Home Theater Projector Review
August 28, 2009
A few years ago the idea of sub-$1,000 1080p projectors was absurd. Now it is a reality. Optoma's new HD20 is the first 1080p projector to sell for less than $1,000 at launch, and as such is a major milestone in home theater for the mass consumer market. It is a fairly basic projector, without a lot of bells and whistles -- 1700 ANSI lumens, 4,000:1 on/off contrast, a 1.2:1 zoom lens, and a one-year warranty. However, it produces a smooth, bright, vibrant picture that is as pleasant for us to review as it will be for you to watch. With a price tag of $999, it certainly sets a new standard for value.
High lumen output. The HD20 produces 633 lumens in Cinema mode, at least on our test sample. This is easily enough light for a 135" diagonal screen in a room with good light control, or a 100" diagonal screen in a room with some ambient light. Even more noteworthy, the HD20's Cinema mode still delivers a substantial 505 lumens, even in low lamp mode. So you get a very bright image and longer lamp life all at once.
For content where you would prefer higher brightness, but don't need the best possible color accuracy, "Bright" mode produces 954 ANSI lumens. This is ideal for HD sports, or any time you have the room lights turned up. Bright mode reduces color saturation, but it lets you bring the HD20 out of the dark theater and into the living room, whether for the big game or just your child's video game system.
ANSI Contrast. Despite the projector's 4000:1 full on/off contast rating, the HD20 measured 456:1 ANSI contrast in our tests. This puts it on a level with several of the more impressive 1080p LCD projectors released last year, but below the more advanced 1080p DLP projectors. ANSI contrast doesn't tell the whole story, but it is a good indicator of the dynamic range that can appear in any one image.

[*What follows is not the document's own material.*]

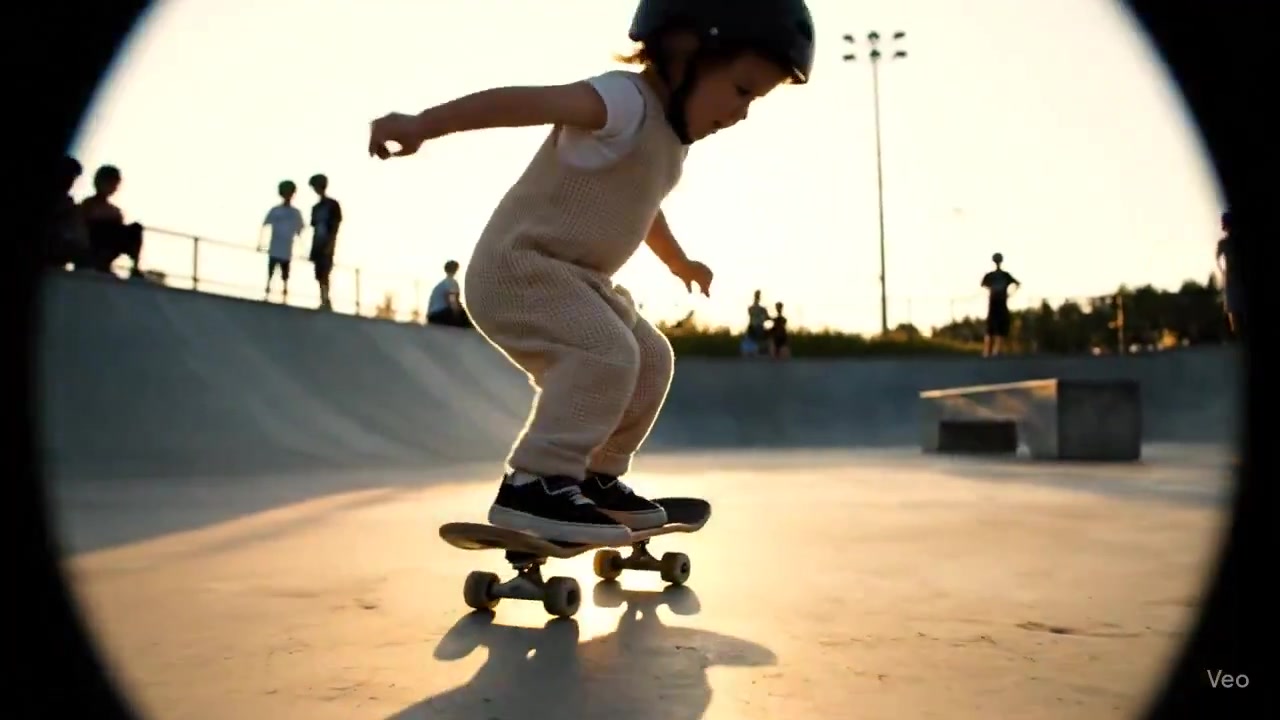 "position": "Starts very low to the ground, focusing on the skateboard's wheels, then smoothly arcs upwards and orbits around the toddler.","movement": "A smooth, stabilized orbital shot on a gimbal, moving from a low angle to eye-level over the 8 seconds, emphasizing the subject's small size and impressive balance."

Natural color. Color on the HD20 is rich and vibrant. While it is not perfectly calibrated out of the box (few projectors are), the HD20 is very easy to adjust. Color adjustments are simple, with gain and bias controls for red, green, and blue. Adjustments have a quite noticeable effect on the image from step to step, so it is easy to get to where you want to be generally. But the adjustments lack subtle fine-tuning precision that is available on more expensive models.
Overall, the HD20 is great for the do-it-yourselfer looking for an engaging, solid image on a budget. It is easy to tweak, but if you just want something that looks plenty good enough for sports and video games, the HD20 will meet many people's less stringent criteria without any adjustment at all.
Low digital noise. When compared to a 1080p DLP projector that cost almost twice as much, the HD20 showed an impressively low amount of digital noise. Excessive digital noise makes a picture appear grainy or unstable, and these effects can sometimes distract the viewer and compromise the immersion in the experience. The HD20's low level of noise makes the image appear smoother, more natural, and less distracting than it might otherwise.
4,000-hour lamp. On many inexpensive projectors, replacement lamps can seem very costly, since their price is often 1/3 or more of the cost of the projector itself. A long-life lamp helps the consumer to feel that they're getting their money's worth. The lamp in the HD20 is rated to last 3,000 hours in high lamp mode or 4,000 hours in low lamp mode, which is much better than the standard 2000 hours we see on many models. In addition, replacement lamps on the HD20 are relatively inexpensive. They can be purchased from authorized Internet resellers for as little as $249. If you were to put a quarter in a jar every time you watched a movie, you would have more than enough money for a new lamp when the time came to purchase a replacement.
Portability. At only 6.5 lbs, the HD20 is a great option for portable projection. Its small size and light weight make it easy to tote with you to a friend's house, or even into the backyard for a summer movie night. While it does not come with a carrying case, it would not be hard to find a laptop bag that would securely hold the HD20 plus its accessories - just make sure that wherever you're going, there's an external sound system, because the HD20 lacks a speaker.
Reasonable fan noise. For such a small, powerful projector, the HD20 is relatively quiet. Fan noise in high lamp mode is certainly audible, especially if you are using the HD20 in a coffee table mount situation. Low lamp mode is quieter, but still easily noticeable. The only time audible noise is really distracting is when using the ImageAI function (more on this below). During normal use, the fan noise of the HD20 tends to fade into the background, and should not distract your audience. While it's not as quiet as most larger home theater projectors, it is also a lot smaller without giving up lumen output.
Logical menu system. The menu system is straightforward, with a logical, hierarchical layout. Using a little common sense, it's easy to find what you're looking for. Image adjustments are under the Image menu; aspect ratio and masking adjustments are found in the Display menu, lamp and positioning settings are found in the System menu.